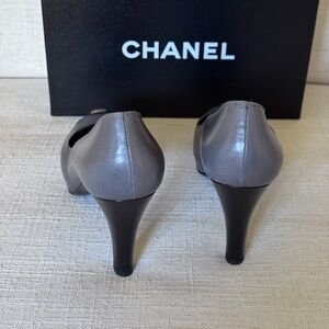 CHANEL Grey Black Leather Cap Toe Pumps Size 6 1/2
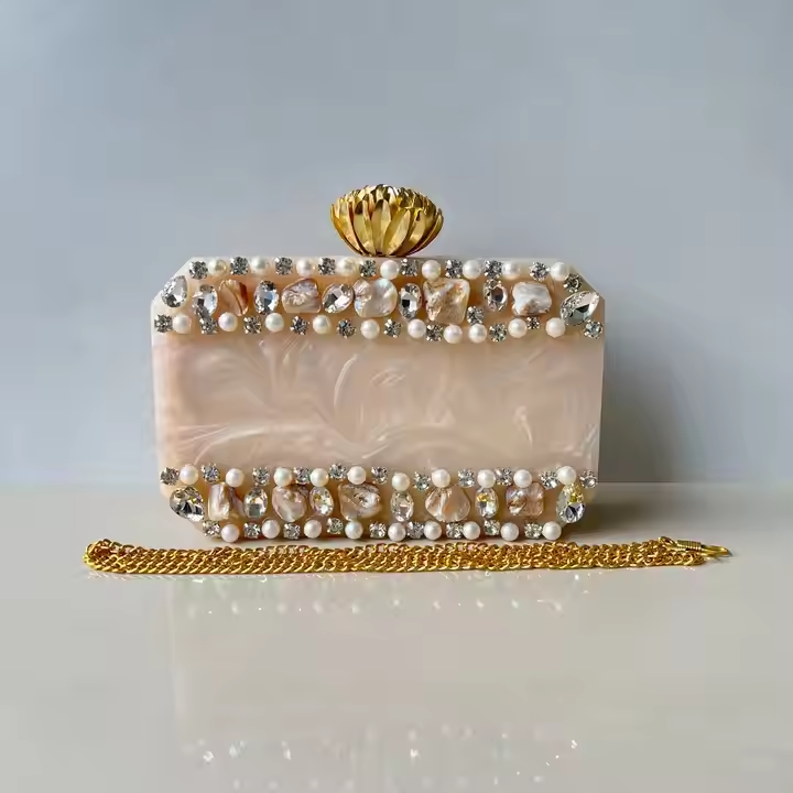 Customized Unique Design Handmade Fashionable Bohemian Resin Clutch Bag Evening Purse with Chains Custom Shape Crescent Crafts
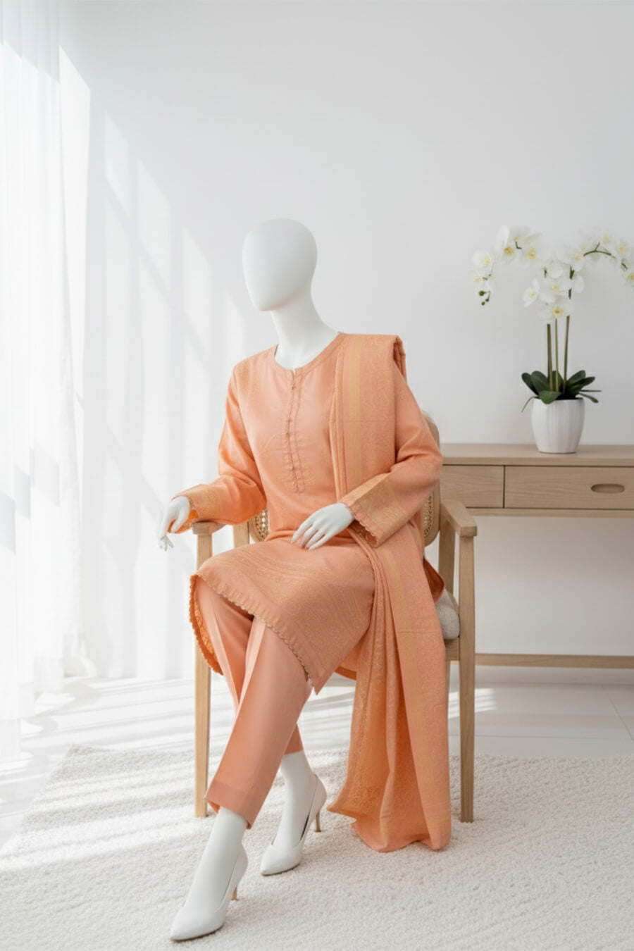 Doria Brochia Jacquard Shirt & Dupatta with Plain Dyed Trouser
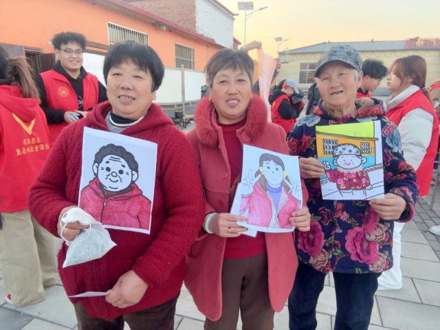 活动筹备阶段,志愿者们便深入太平庄村的街巷院落,挨家挨户走访慰问,为参与活动的老人拍摄高清肖像照。一句句亲切的“爷爷好”“奶奶保重身体”,一次次耐心调整拍摄角度,不仅定格了老人们历经岁月沉淀的容颜,更让这份牵挂与尊重悄然住进老人心里。这些饱含温度的照片,成为后续肖像创作的珍贵蓝本,只为给每位老人定制独一无二的彩色画作。
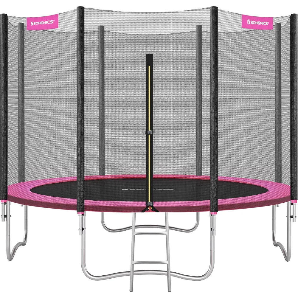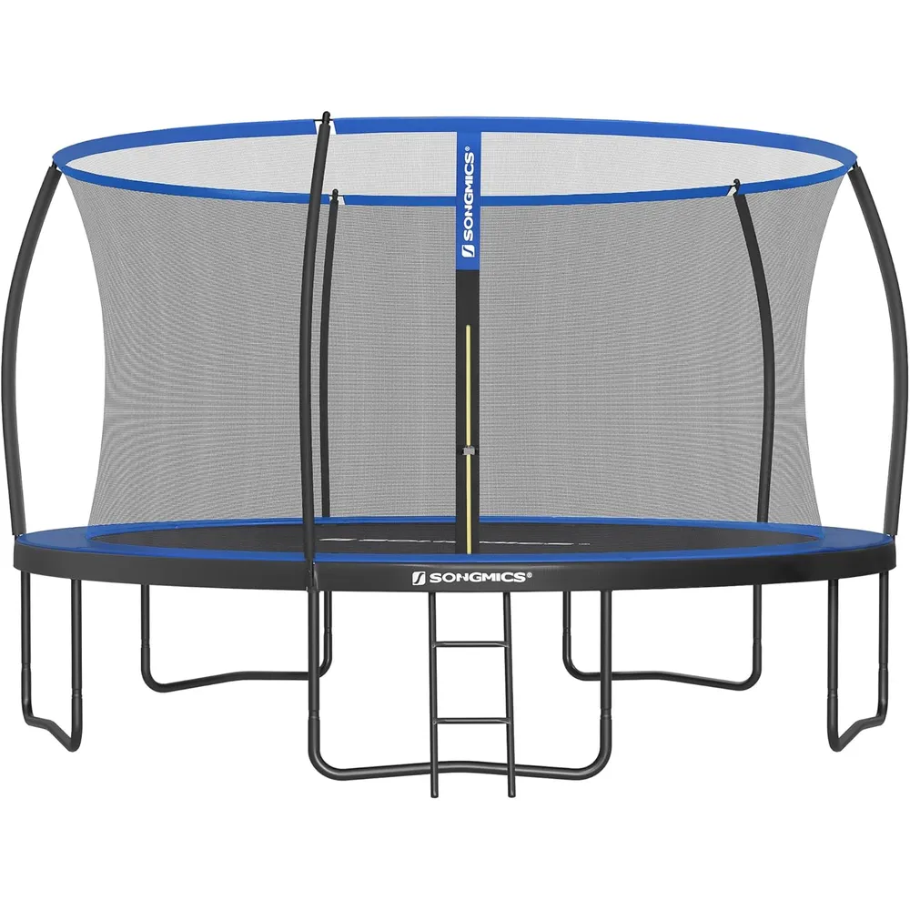 SONGMICS Trampolin Outdoor Ø 366cm. rundes Gartentrampolin mit Randabdeckung. mit Sicherheitsnetz. mit Leiter und gepolsterten Stangen
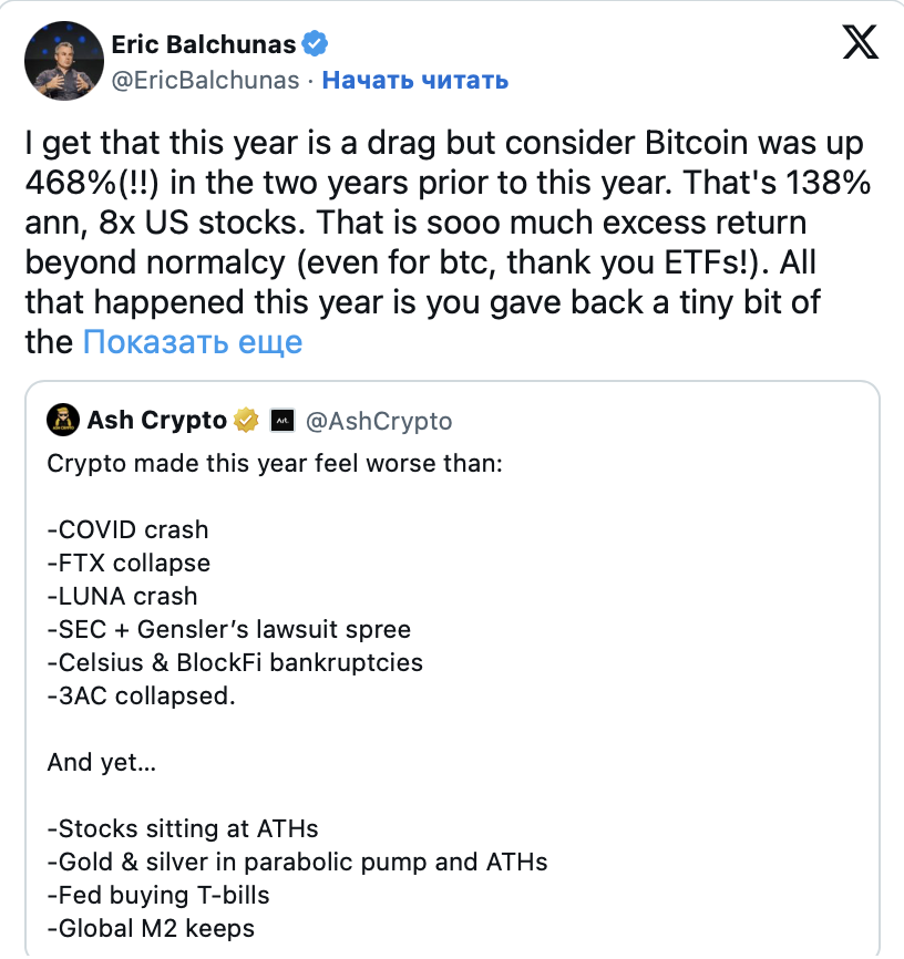 «Мы больше не боимся, мы устали. Устали ждать и верить. Однако помните: рост не начинается на пике надежды. Он происходит тогда, когда люди разочарованы и готовы сдаться», — написал аналитик Ash Crypto.
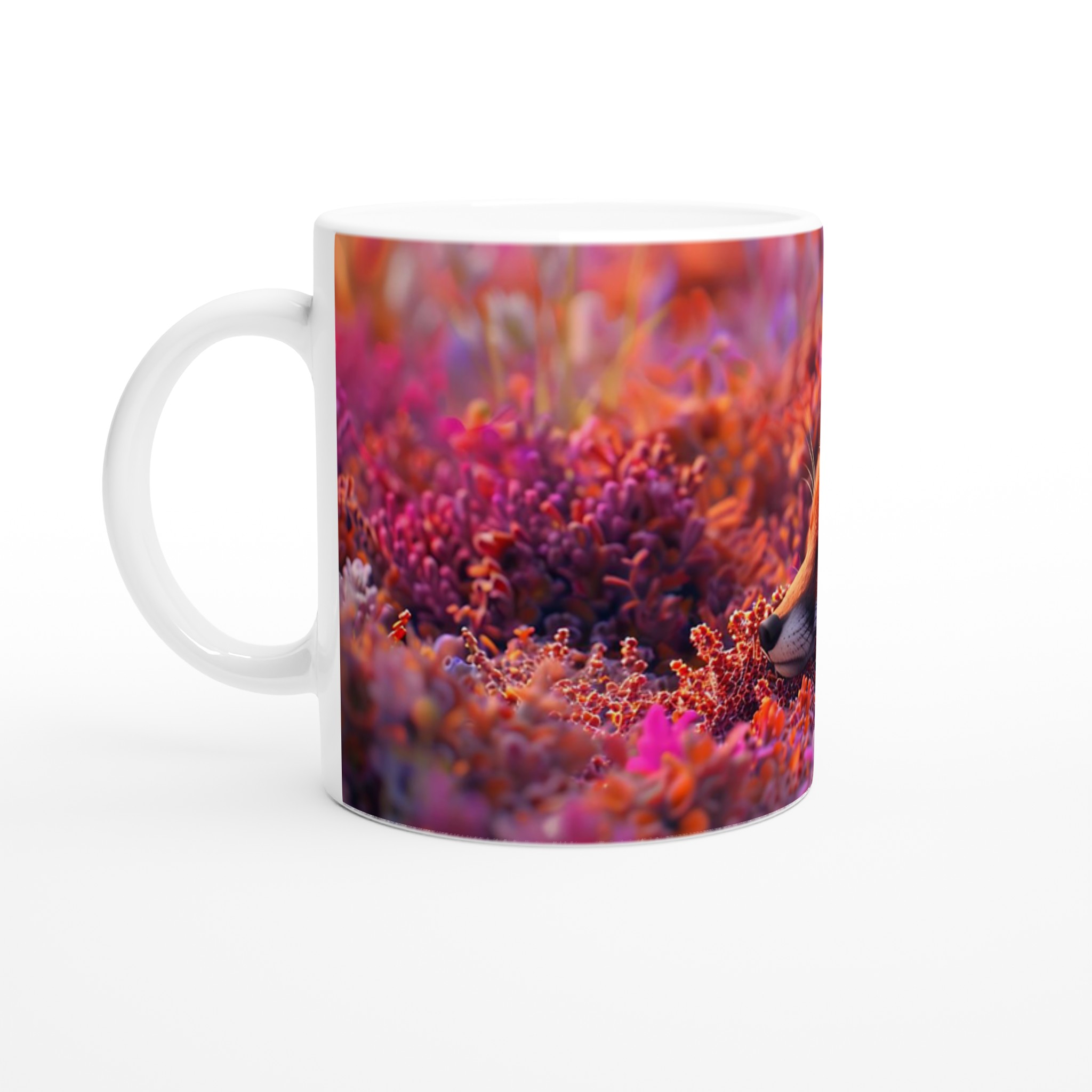 Inspirerad av den fridfulla charmen hos en sovande räv omgiven av livfulla, drömlika blommor, är denna mugg en hyllning till lugn och skönhet. Den blanka ytan ger ett skarpt och levande tryck som verkligen sticker ut, oavsett om det är en personlig design, ett roligt citat eller en present till någon du tycker om.
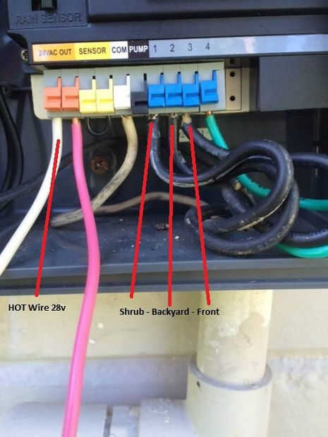 Como he mencionado anteriormente, utilizo un controlador de órbita para controlar el sistema existente. Esta unidad puede controlar cuatro zonas. Sólo uso tres en este momento. El sistema se ejecuta en 24 VCA de un transformador de ladrillo. Este ladrillo sin una carga sustancial está entregando alrededor de ~ 28vac.
--------------------------------------------------
With the images omitted, output all entries exactly as given.

 CHANEL Grey Black Leather Cap Toe Pumps Size 6 1/2
 Customized Unique Design Handmade Fashionable Bohemian Resin Clutch Bag Evening Purse with Chains Custom Shape Crescent Crafts
 Doria Brochia Jacquard Shirt & Dupatta with Plain Dyed Trouser
 活动筹备阶段,志愿者们便深入太平庄村的街巷院落,挨家挨户走访慰问,为参与活动的老人拍摄高清肖像照。一句句亲切的“爷爷好”“奶奶保重身体”,一次次耐心调整拍摄角度,不仅定格了老人们历经岁月沉淀的容颜,更让这份牵挂与尊重悄然住进老人心里。这些饱含温度的照片,成为后续肖像创作的珍贵蓝本,只为给每位老人定制独一无二的彩色画作。
 SONGMICS Trampolin Outdoor Ø 366cm. rundes Gartentrampolin mit Randabdeckung. mit Sicherheitsnetz. mit Leiter und gepolsterten Stangen
 «Мы больше не боимся, мы устали. Устали ждать и верить. Однако помните: рост не начинается на пике надежды. Он происходит тогда, когда люди разочарованы и готовы сдаться», — написал аналитик Ash Crypto.
 Inspirerad av den fridfulla charmen hos en sovande räv omgiven av livfulla, drömlika blommor, är denna mugg en hyllning till lugn och skönhet. Den blanka ytan ger ett skarpt och levande tryck som verkligen sticker ut, oavsett om det är en personlig design, ett roligt citat eller en present till någon du tycker om.
 Como he mencionado anteriormente, utilizo un controlador de órbita para controlar el sistema existente. Esta unidad puede controlar cuatro zonas. Sólo uso tres en este momento. El sistema se ejecuta en 24 VCA de un transformador de ladrillo. Este ladrillo sin una carga sustancial está entregando alrededor de ~ 28vac.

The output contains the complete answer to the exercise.